*Directions for this task*: The entries below should be quoted exactly, with no pictures carried over.

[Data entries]
"""

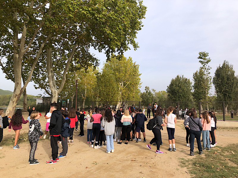 23/10/23 – 10:20. Esmorzats, ens agrupem per fer les activitats del dia entorn de l’estany de Banyoles. Fa sol, i fins i tot calor.
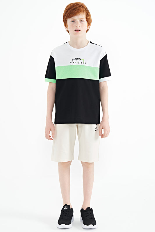 Black Collar Color Block Print Detailed Standard Cut Boys T-Shirt - 11111
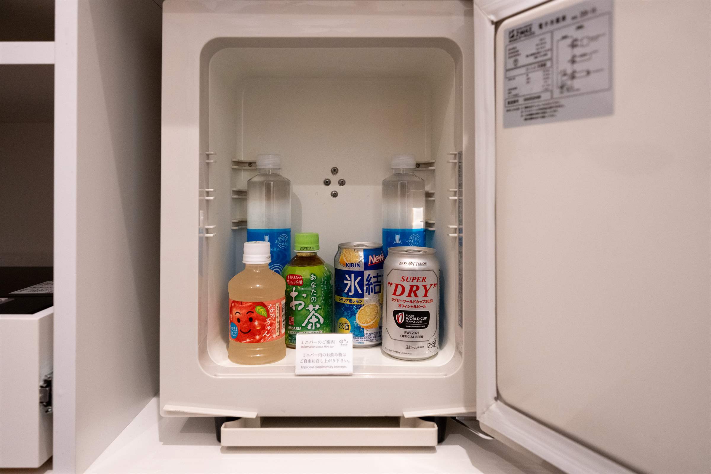 お部屋の冷蔵庫には、あらかじめ無料のお飲み物をご用意しております。通常のセット内容は ミネラルウォーター 、ソフトドリンク、ビール(缶) 、サワー(缶)となります。
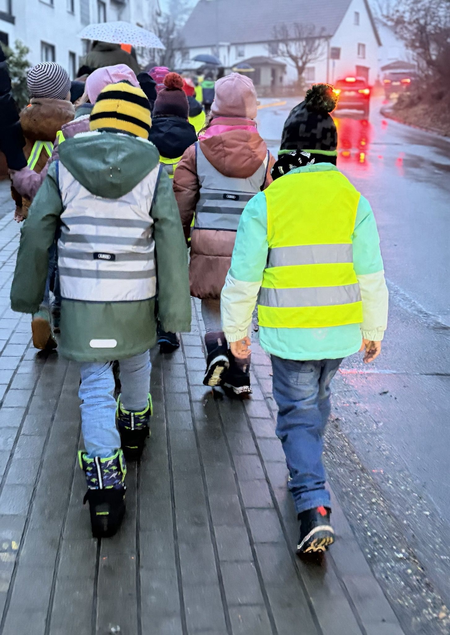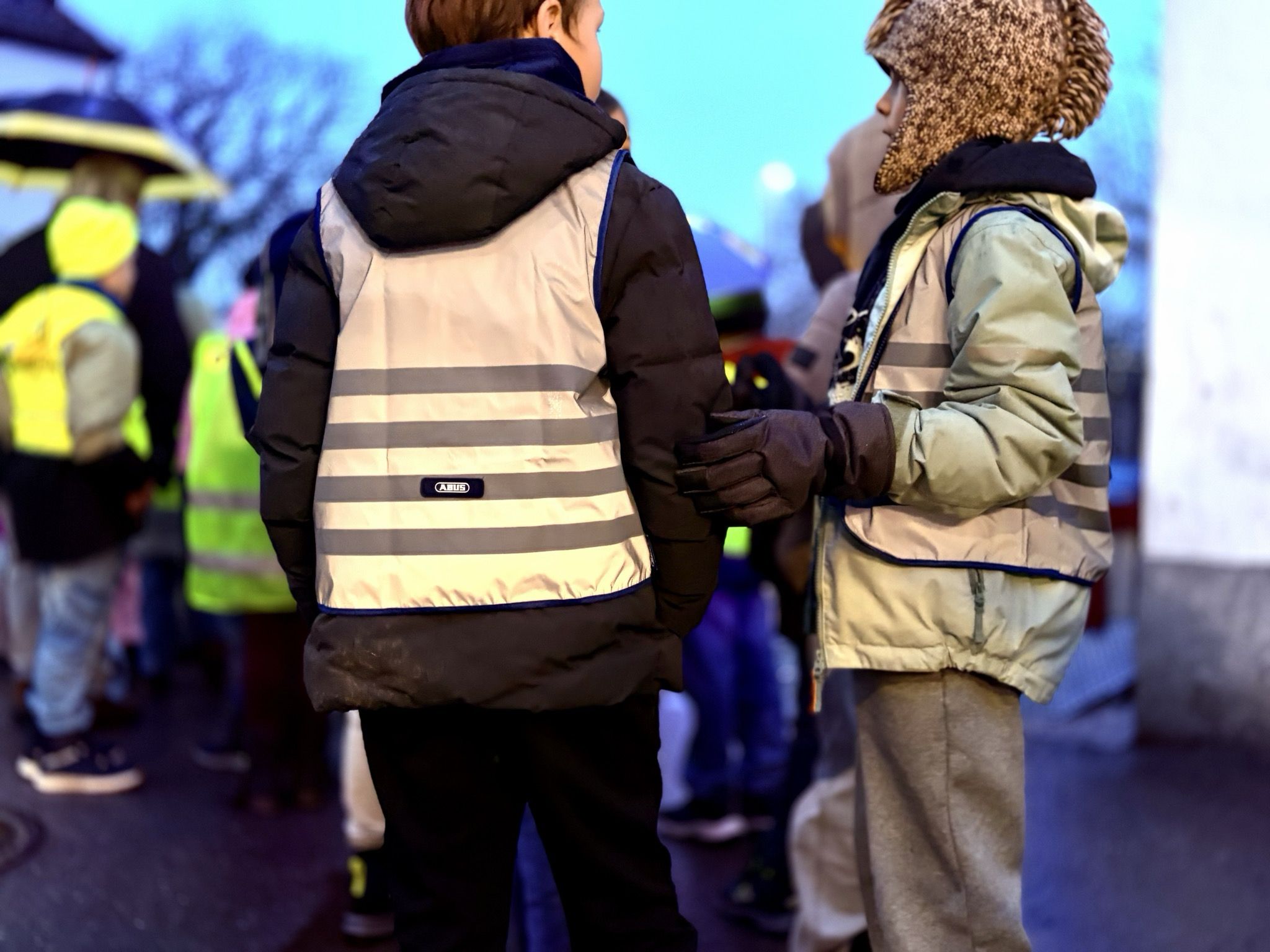 Kinder auch an dunklen, kalten Wintermorgen gut geschützt unterwegs
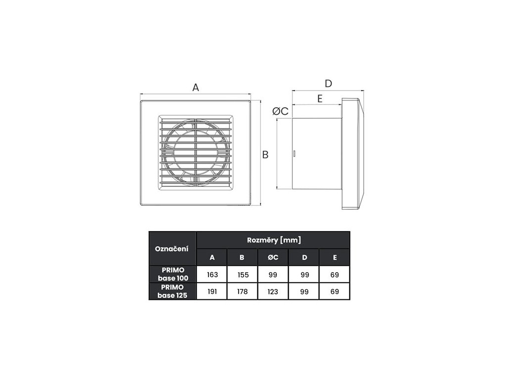Ventilátor do koupelny PRIMO BASE 100A/12V HQ s žaluzií
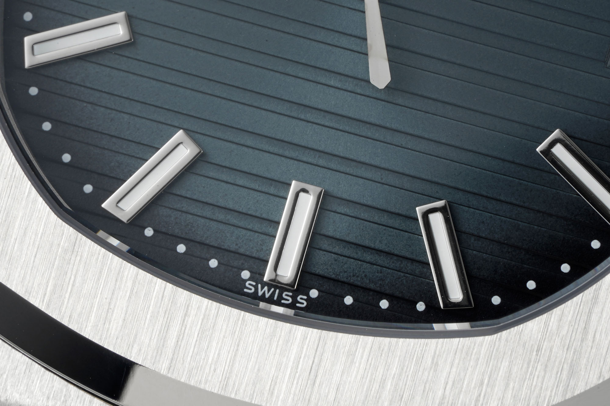 At the core of any watch’s allure lies the dial—an element that speaks to both craftsmanship and artistic expression. The DDF version claims supremacy by mirroring the 2018 gradation blue of the original Nautilus. This gradient, starting with lake-like hues at its center and evolving into a delicate spectrum under varied lighting, offers a visual feast. Moreover, the horizontal grooves beneath the dial’s horizontal strips are delicately executed without fringes, showcasing a precision that aligns with the original model. The facet of an accurate replica lies not only in replicating colors but also capturing nuanced reflections akin to its inspiration.
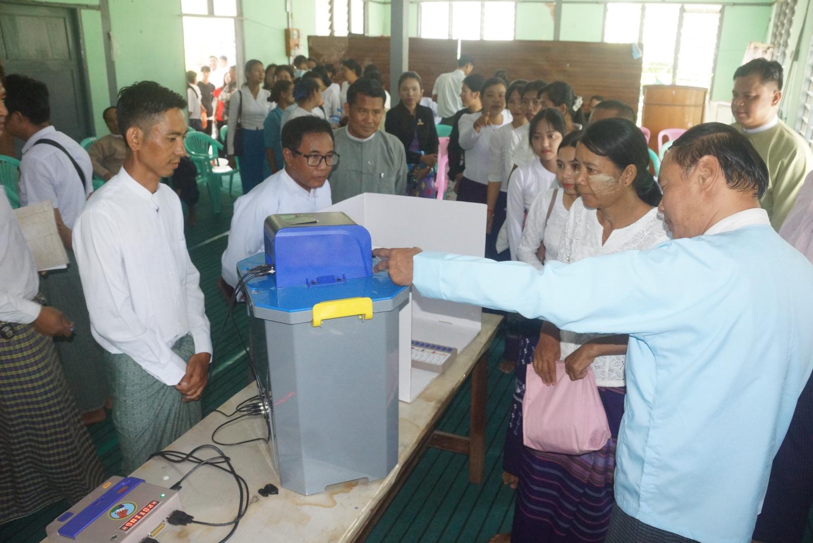 ဆက်လက်၍ မြို့နယ်ရွေးကောက်ပွဲကော်မရှင်အဖွဲ့ခွဲ အတွင်းရေးမှူး ဦးရဲမင်းလွင်က မဲဆန္ဒရှင်များအား မြန်မာအီလက်ထရော နစ်မဲပေးစက်(MEVM) ဖြင့် သုံးစွဲပုံအဆင့်ဆင့်များကို ရှင်းလင်းပြောကြားပြီးနောက် မဲပေးစက်ဖွဲ့စည်းတည်ဆောက်ပုံ၊ အီလက်ထရောနစ်မဲပေးစက်များတပ်ဆင်ပုံ၊ မဲပေးချိန်နှင့် မဲရေတွက်ချိန်တို့တွင် ထိန်းချုပ်စက်ကိုင်တွယ်အသုံးပြုပုံ နည်းစနစ်များကို ရှင်းလင်းပြသရာ တက်ရောက်လာသူများက မြန်မာအီလက်ထရောနစ်မဲပေးစက်ဖြင့် ကိုယ်တိုင်စမ်းသပ်မဲပေးခြင်းများကို လက်တွေ့ဆောင်ရွက်ခဲ့ကြသည်။

"""

*Result for this exercise*:
 23/10/23 – 10:20. Esmorzats, ens agrupem per fer les activitats del dia entorn de l’estany de Banyoles. Fa sol, i fins i tot calor.
 Black Collar Color Block Print Detailed Standard Cut Boys T-Shirt - 11111
 お部屋の冷蔵庫には、あらかじめ無料のお飲み物をご用意しております。通常のセット内容は ミネラルウォーター 、ソフトドリンク、ビール(缶) 、サワー(缶)となります。
 Kinder auch an dunklen, kalten Wintermorgen gut geschützt unterwegs
Ventilátor do koupelny PRIMO BASE 100A/12V HQ s žaluzií
 At the core of any watch’s allure lies the dial—an element that speaks to both craftsmanship and artistic expression. The DDF version claims supremacy by mirroring the 2018 gradation blue of the original Nautilus. This gradient, starting with lake-like hues at its center and evolving into a delicate spectrum under varied lighting, offers a visual feast. Moreover, the horizontal grooves beneath the dial’s horizontal strips are delicately executed without fringes, showcasing a precision that aligns with the original model. The facet of an accurate replica lies not only in replicating colors but also capturing nuanced reflections akin to its inspiration.
 ဆက်လက်၍ မြို့နယ်ရွေးကောက်ပွဲကော်မရှင်အဖွဲ့ခွဲ အတွင်းရေးမှူး ဦးရဲမင်းလွင်က မဲဆန္ဒရှင်များအား မြန်မာအီလက်ထရော နစ်မဲပေးစက်(MEVM) ဖြင့် သုံးစွဲပုံအဆင့်ဆင့်များကို ရှင်းလင်းပြောကြားပြီးနောက် မဲပေးစက်ဖွဲ့စည်းတည်ဆောက်ပုံ၊ အီလက်ထရောနစ်မဲပေးစက်များတပ်ဆင်ပုံ၊ မဲပေးချိန်နှင့် မဲရေတွက်ချိန်တို့တွင် ထိန်းချုပ်စက်ကိုင်တွယ်အသုံးပြုပုံ နည်းစနစ်များကို ရှင်းလင်းပြသရာ တက်ရောက်လာသူများက မြန်မာအီလက်ထရောနစ်မဲပေးစက်ဖြင့် ကိုယ်တိုင်စမ်းသပ်မဲပေးခြင်းများကို လက်တွေ့ဆောင်ရွက်ခဲ့ကြသည်။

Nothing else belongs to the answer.